**EXERCISE DETAILS:** Exactly reproduce the lines from the line bearing "还有这次南卡终于推出APP了" through the end of the listing, inclusive of both; pictures are to be omitted.
=-=-=-=-=
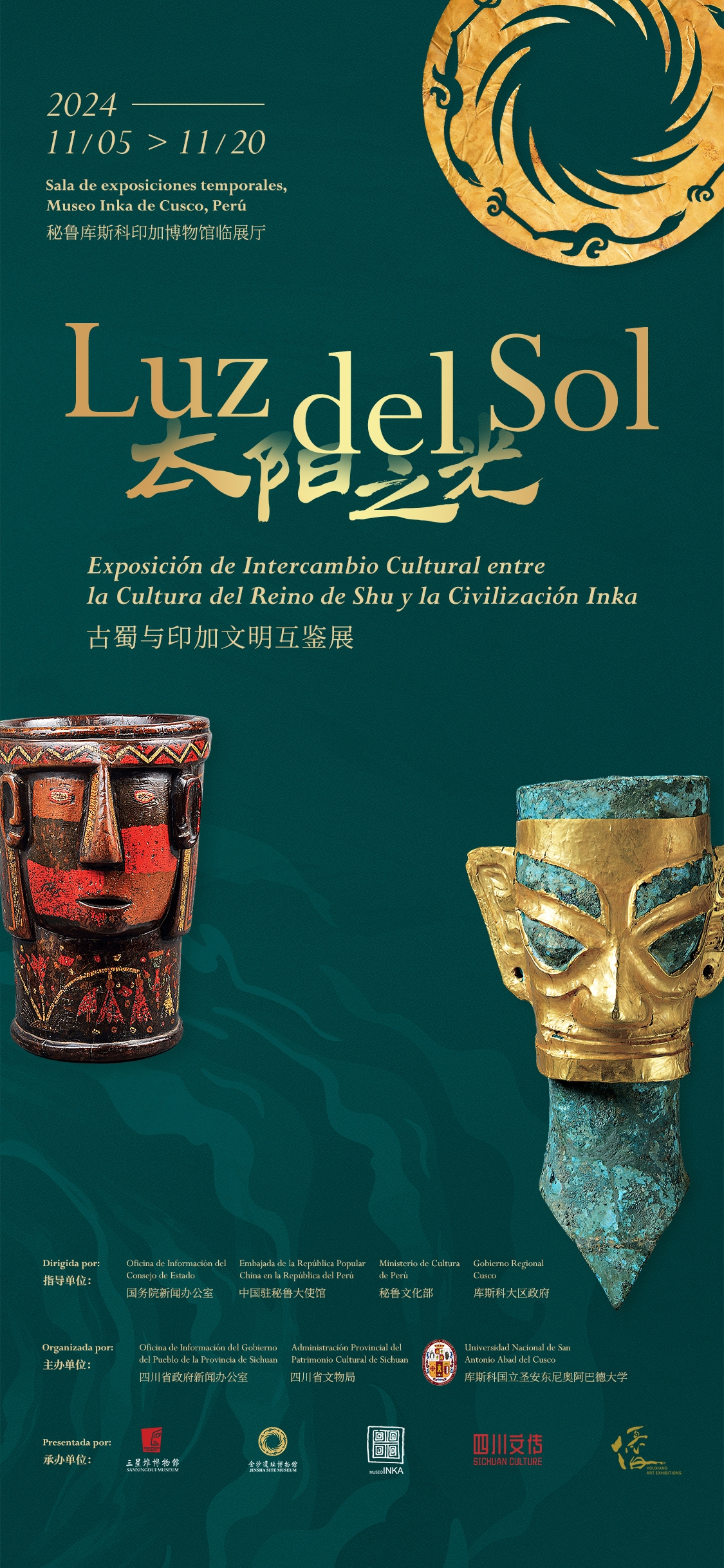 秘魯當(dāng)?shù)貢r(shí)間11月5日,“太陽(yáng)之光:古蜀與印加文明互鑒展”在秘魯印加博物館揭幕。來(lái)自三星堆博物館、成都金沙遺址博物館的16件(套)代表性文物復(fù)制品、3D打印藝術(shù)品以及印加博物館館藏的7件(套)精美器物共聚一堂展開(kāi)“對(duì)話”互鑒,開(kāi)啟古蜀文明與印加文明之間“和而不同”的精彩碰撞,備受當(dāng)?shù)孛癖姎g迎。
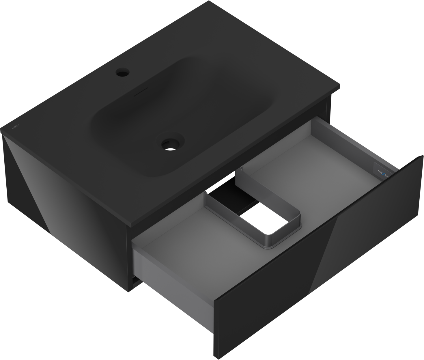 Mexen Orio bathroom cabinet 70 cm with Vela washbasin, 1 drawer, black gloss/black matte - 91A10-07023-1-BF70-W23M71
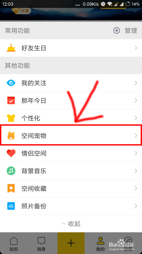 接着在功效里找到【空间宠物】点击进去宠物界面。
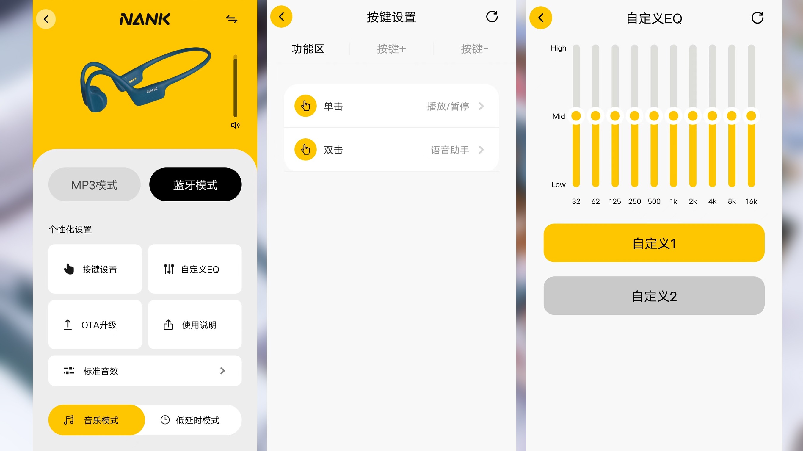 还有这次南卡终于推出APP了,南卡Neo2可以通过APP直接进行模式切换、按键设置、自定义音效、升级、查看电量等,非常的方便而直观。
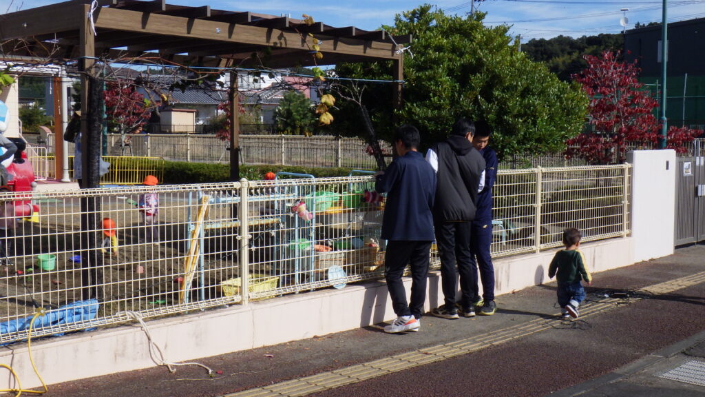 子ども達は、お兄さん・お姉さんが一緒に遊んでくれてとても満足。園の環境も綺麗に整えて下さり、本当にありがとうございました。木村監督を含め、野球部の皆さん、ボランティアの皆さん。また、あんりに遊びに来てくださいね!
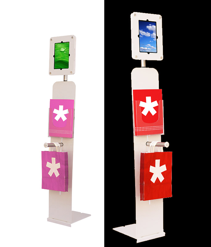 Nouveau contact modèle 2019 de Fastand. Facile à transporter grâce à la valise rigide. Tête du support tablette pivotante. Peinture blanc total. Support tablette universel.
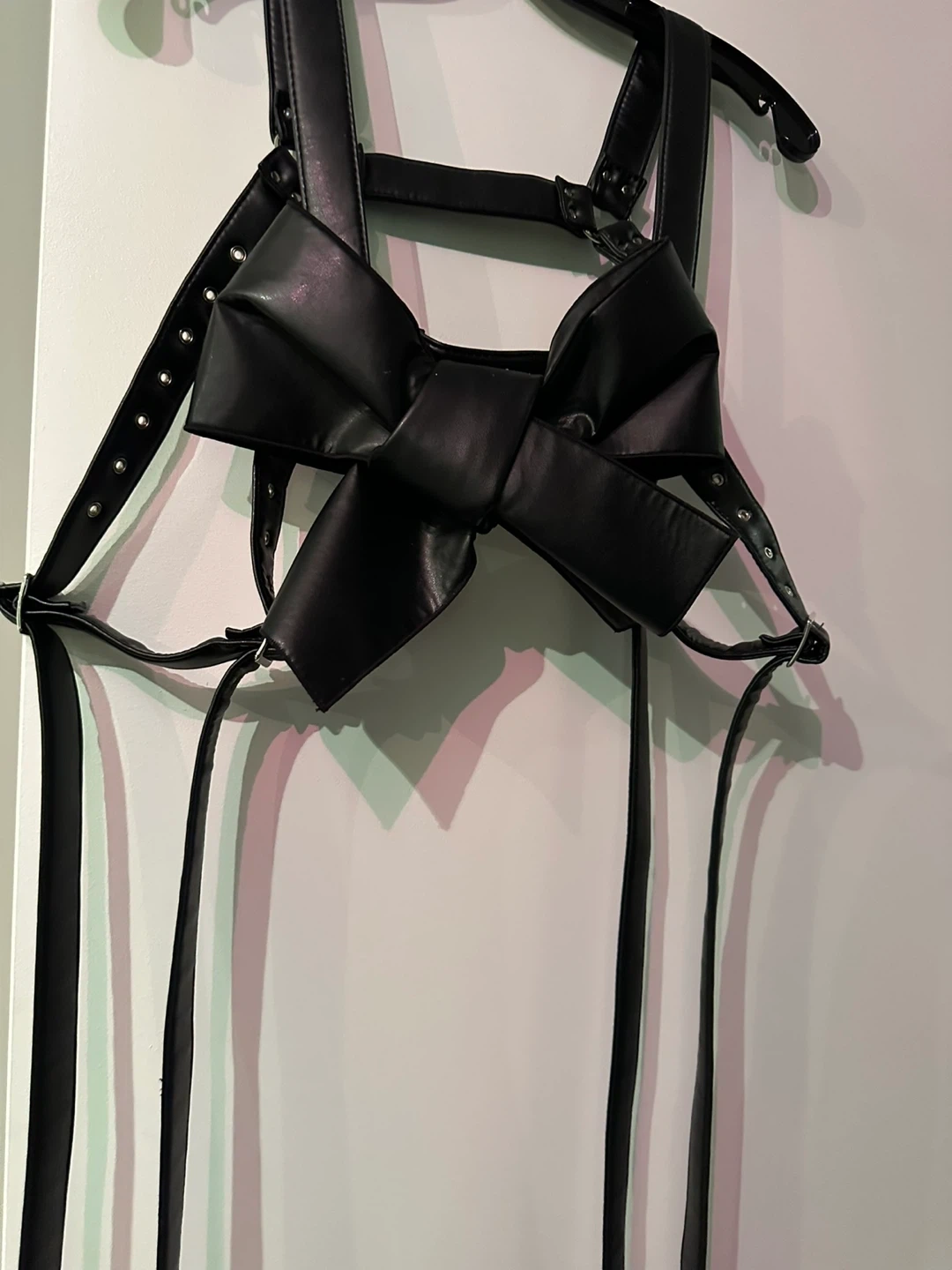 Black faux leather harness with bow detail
=-=-=-=-=
**EXERCISE SOLUTION:**
 还有这次南卡终于推出APP了,南卡Neo2可以通过APP直接进行模式切换、按键设置、自定义音效、升级、查看电量等,非常的方便而直观。
 子ども達は、お兄さん・お姉さんが一緒に遊んでくれてとても満足。園の環境も綺麗に整えて下さり、本当にありがとうございました。木村監督を含め、野球部の皆さん、ボランティアの皆さん。また、あんりに遊びに来てくださいね!
 Nouveau contact modèle 2019 de Fastand. Facile à transporter grâce à la valise rigide. Tête du support tablette pivotante. Peinture blanc total. Support tablette universel.
 Black faux leather harness with bow detail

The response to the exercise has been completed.